At the end of the day, a stark reality remains: private entities must still take proactive ownership for their own cyber security program to reduce risks to consumers. 

It’s easy to see why CI cybersecurity may seem like a different challenge, as we are keenly aware of the dire consequences of what failure would mean. Yet, it is an important exercise to consider the commonalities that CI sectors share with enterprises to show what must be done to improve CI cybersecurity. 

Like all public and private sector organizations, CI entities have increasingly digitized their business models and become reliant on interconnected networks and complex IT infrastructures for efficiency and cost controls. CI companies have seeped out of the safety zone of their private perimeters, venturing into public clouds and hybrid WANs. They have vendor supply chains that must be carefully vetted and managed. As in every organization, IT complexity and employee insider risks increase threat vectors, which need more sophisticated security management.
 
CI has also seen a steep trajectory of increased cyber-attacks. Upon further analysis, we see that while these attacks are targeted and specific to the intended victims, attacks on CI organizations are not custom-built. Instead, they are typically the same types of attack modalities that plague industries across the board, which could be defended with the same kinds of security best practices. Some of these include: 

Ukraine Power Grid, 2016: Hackers attacked three Ukrainian power companies, taking 30 substations offline, leaving 230,000 citizens without power. The attack vector was believed to begin with social engineering and spear phishing, as well as the BlackEnergy Trojan malware.

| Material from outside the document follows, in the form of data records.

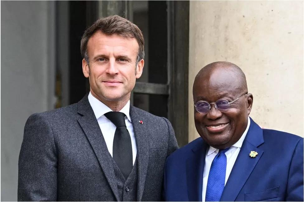 French President Emmanuel Macron welcomes his Ghanaian counterpart, Nana Akufo-Addo, to the Élysée Palace on Thursday. Days earlier, Mr Akufo-Addo was awarded an honorary doctorate degree from the University of Sorbonne in Paris for his work as president, including entrenching democratic values in Ghana.
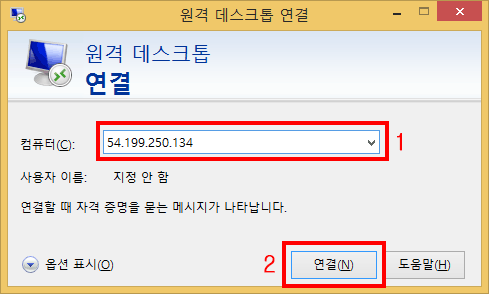 Windows에서 원격 데스크톱 연결(시작 → 실행 → mstsc)을 실행합니다. 그리고 IP 주소를 입력한 뒤 연결(N) 버튼을 클릭합니다.
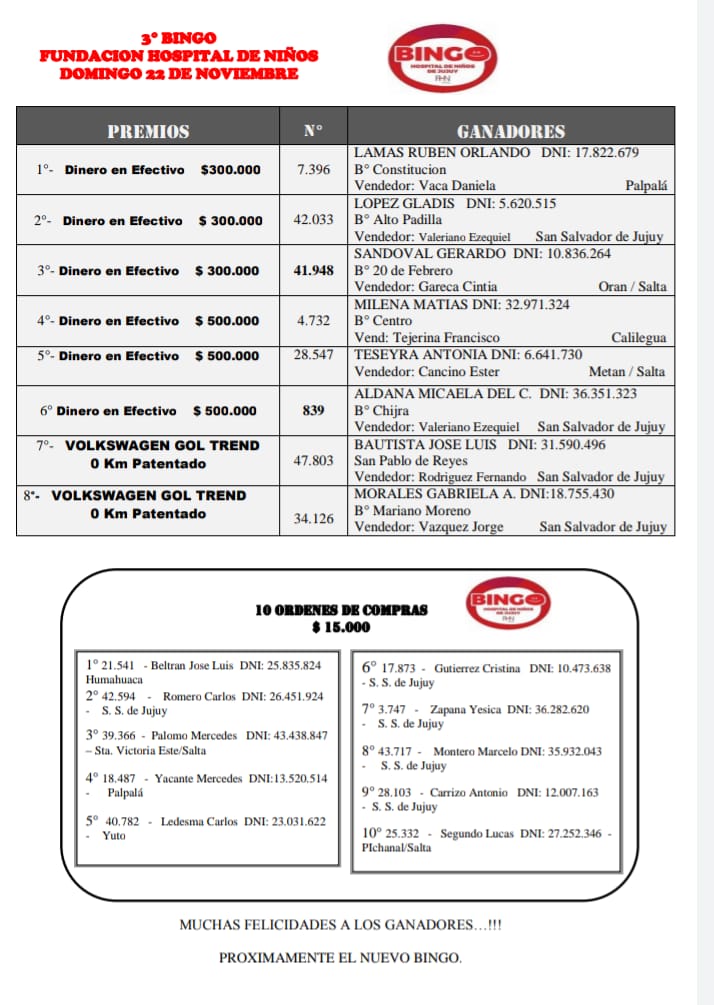 GANADORES del tercer Bingo “Fundación Hospital de Niños de Jujuy”
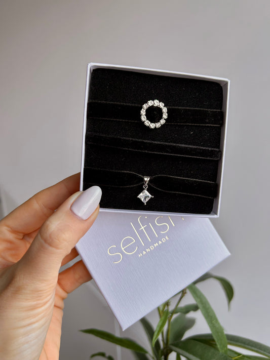 Naszyjnik z Krawatką w kształcie Y - Białe Cyrkonie Kwiaty

WannaCry, 2017: The WannaCry ransomware attack struck globally in May 2017, targeting computers running unpatched Microsoft Windows operating systems by encrypting data and demanding ransom in Bitcoin. Hospitals and other CI entities were particularly hard hit. WannaCry propagated using EternalBlue, a leaked NSA exploit for Windows' Server Message Block (SMB) protocol. Microsoft had discovered the vulnerability and issued security bulletin MS17-010, which detailed the flaw and announced that patches had been released for all Windows versions that were currently supported at that time, in addition to Windows Vista (which had recently ended support). 


NIST is considered by many to be a strong security framework - if followed, applied, and adequately funded to help CI organization identify and mitigate security threats. Managing to regulatory or compliance alone doesn’t necessarily protect the organization and its assets—enterprise or CI systems—against every type of potential threat.

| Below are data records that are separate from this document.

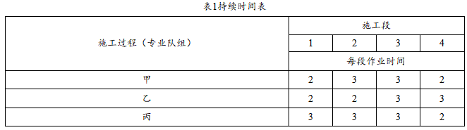 某生产工厂拟建设4幢装配式厂房。施工单位编制了甲、乙、丙三个核心施工工艺在每段上的作业时间表(单位:天),如表1所示。
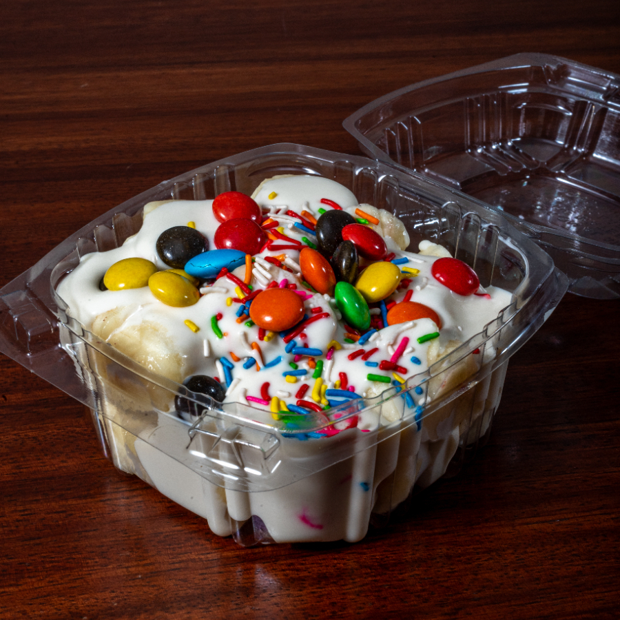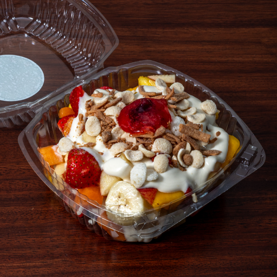 Fruta picada, platano, fresa, papaya, manzana, uva, mango, pera, piña, guayaba, melon; bañadas con nuestra crema especial.
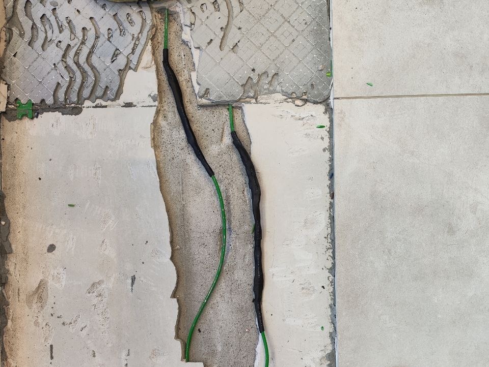 Теплый пол на лоджии, установленный под плиткой, перестал греть. Заказчик обратился с просьбой произвести диагностику и ремонт системы. С помощью специального оборудования наши специалисты обнаружили места поврежденного кабеля. В одном случае причина перегорания - при монтаже системы, в другом - дефект кабеля. На месте произведен ремонт.
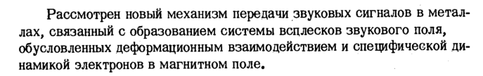 Рассмотрен новый механизм передачи звуковых сигналов в металлах, связанный с образованием системы всцлесков звукового поля, обусловленных деформационным взаимодействием и специфической динамикой электронов в магнитном поле.
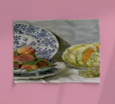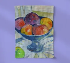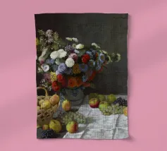 Un'affascinante natura morta del maestro impressionista Claude Monet, che mette in mostra la tranquilla eleganza degli oggetti quotidiani Presenta una disposizione rustica di mele e uva su un tavolo rivestito di bianco, immerso in una morbida luce naturale Cattura la bellezza fugace della frutta matura con pennellate sciolte e tonalità calde e autunnali Un'opera intima che si discosta dai famosi paesaggi di Monet e che è stata dipinta in casa durante il maltempo. Un'opera d'arte senza tempo e rilassante, perfetta per cucine, sale da pranzo o qualsiasi altro interno accogliente Regalo ideale per gli amanti dell'arte, per i cuochi o per chi apprezza l'estetica rustica e la natura morta
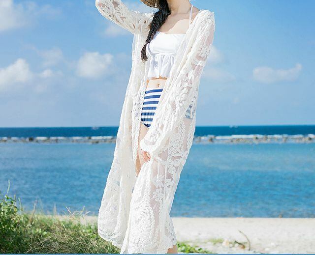 春 夏 レディース カーディガン ホワイト ショールコート ロング丈 ストライプ 冷房対策 薄手 長袖 羽織り デート リゾート 海 プール かわいい おしゃれ 韓国 きれいめ プチプラ KR-5-147 | dress_sugar_moon
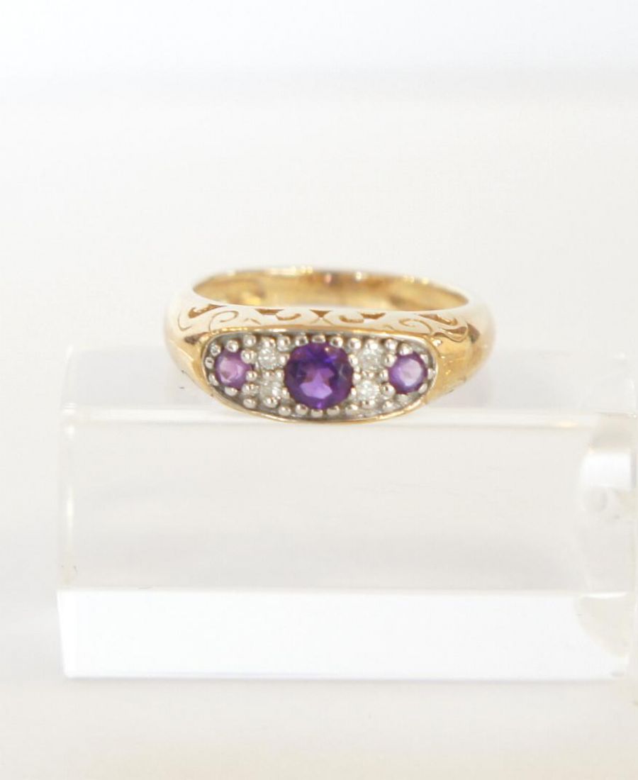 Englischer Amethyst Diamantring aus 375//000 Gold  A28
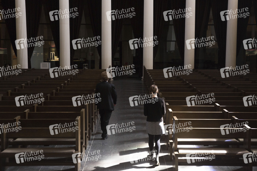 Die Pfarrerin Aline Seel und der Pfarrer Matthias Miele begehen den Karfreitag Gottesdienst in der menschenleeren St. Nikolaikirche. Um 15:00 Uhr ertönten die Glocken der Kirche. Potsdam, 10.04.2020
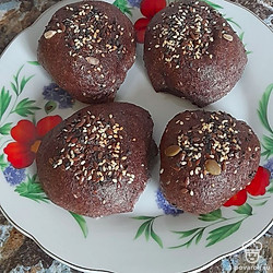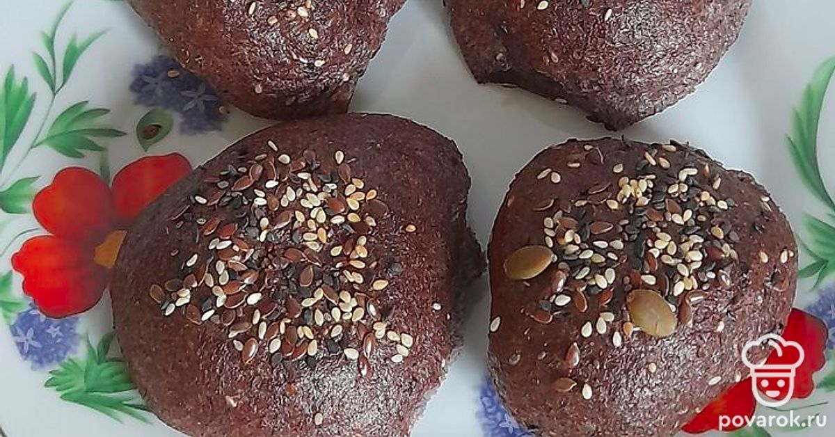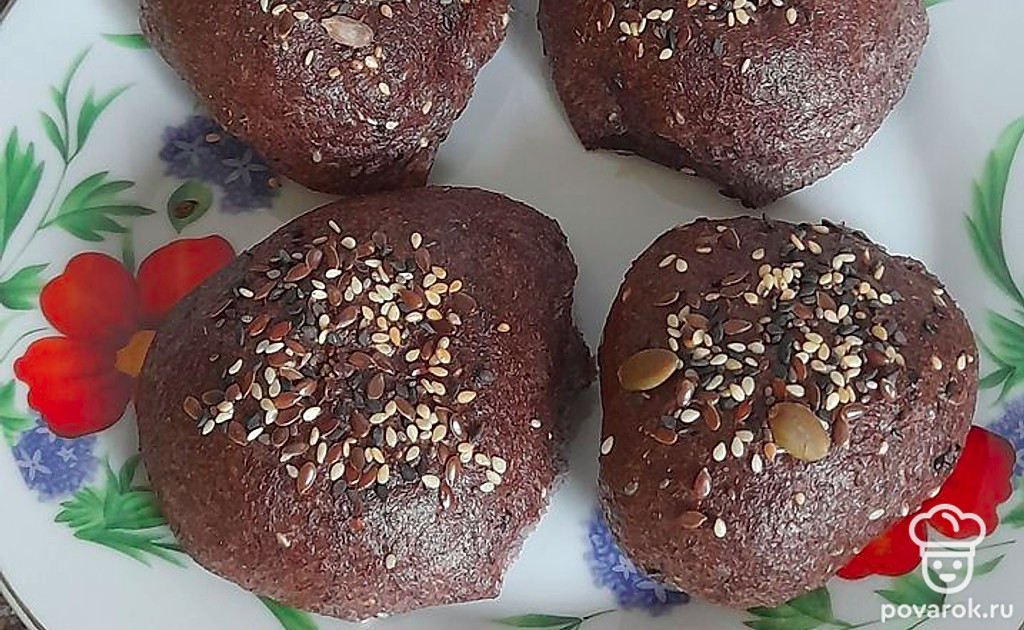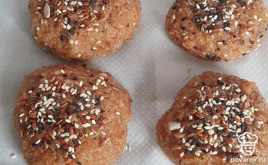 Слепите круглые булочки, посыпьте различными семенами (кунжут белый, кунжут черный, лен, семечки подсолнуха, тыквенные семечки). Выложите на противень и выпекайте 30-40 минут.

If the organization has the internal expertise to adequately manage to a security framework to meet their full security needs—NIST or otherwise—that is a strong beginning. Regular security risk assessments, penetration tests, and hunt operations can help identify security weaknesses that may still exist.

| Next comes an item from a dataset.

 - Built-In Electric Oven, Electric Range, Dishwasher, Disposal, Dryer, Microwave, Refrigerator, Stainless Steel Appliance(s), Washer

For those organizations that don’t have the internal expertise or need assistance figuring out how to prioritize security spend based on risk, getting help by a qualified third-party organization can help to lay out a roadmap for evolving the security program and regularly test your security risk and response readiness.

Critical Infrastructure is unique—it sustains our lives, security, and communications, and its protection is essential. Yet from a strictly cyber security perspective, its challenges are comparable to those facing all other industries. The time, focus, and expertise (internally or externally sourced) must be applied to the full spectrum of risks we see both today and could potentially anticipate in the future.